Good luck with your project. Let us know how you are getting on. Hope the Google Translate is helpful.
----------------
Les suggestions de @SarinaS ont beaucoup de sens. L'autre chose à considérer est les types de changements qui se produisent.
- Ajouter - Ajout de nouveaux enregistrements
- Supprimer - Suppression d'enregistrements existants
- Mise à jour - modification des enregistrements actuels
Si vous par exemple, vous pouvez garantir que vous n'ajouterez que des enregistrements. Votre processus peut être plus facile à automatiser. DSS peut gérer un dossier géré avec plusieurs fichiers. Si les fichiers viennent tous avec la même mise en page. Le processus est beaucoup plus simple, il vous suffit de faire un ajout de tous les ensembles de données quotidiens.

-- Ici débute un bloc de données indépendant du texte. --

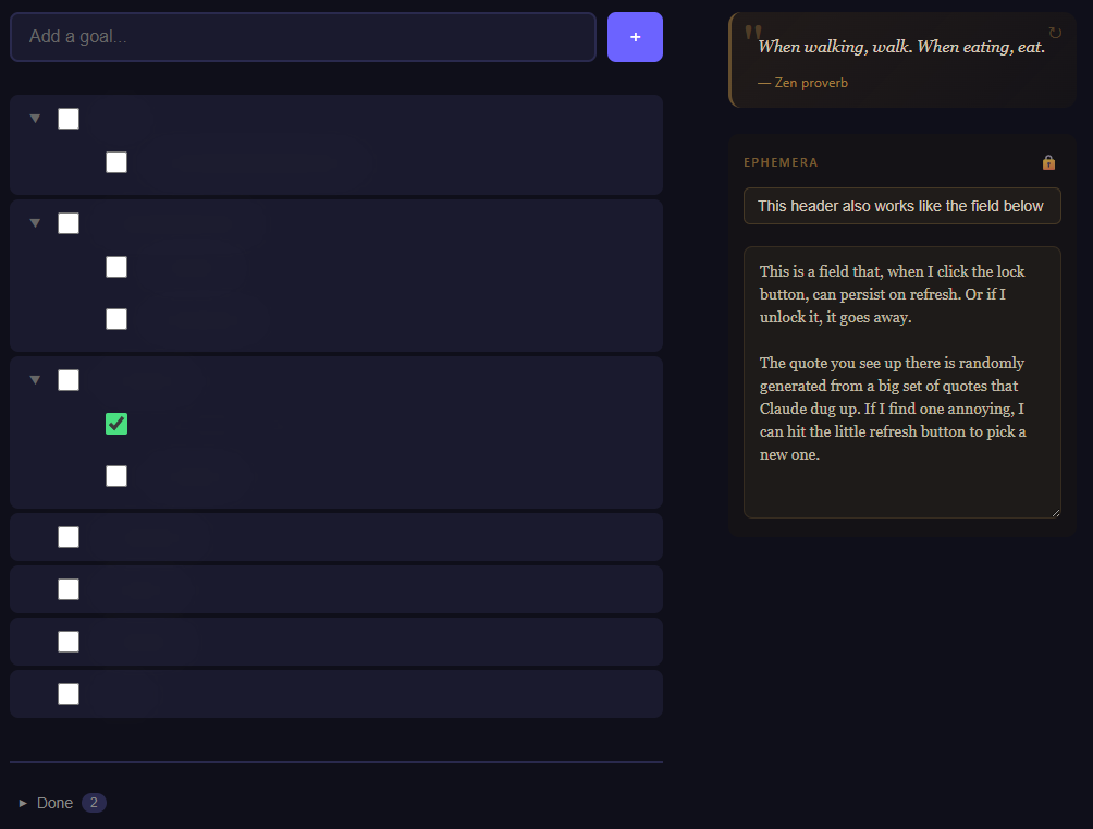 I often use pastebin to write out little to-do lists for the day, or keep track of goals. I decided it’d be nicer if whenever I opened a new tab in Chrome, I could immediately see my goals, and had a little text field to write stuff down. Within a few minutes, Claude Code achieved this for me.

Cependant, si vous avez des modifications pour supprimer et mettre à jour, le processus peut être beaucoup plus difficile. Dans ces cas, il peut être très utile d'avoir une clé unique garantie pour tous les enregistrements. Pour que vous sachiez quels enregistrements doivent être supprimés ou mis à jour.
Bonne chance pour votre projet. Faites-nous savoir comment vous vous en sortez. J'espère que Google Translate est utile.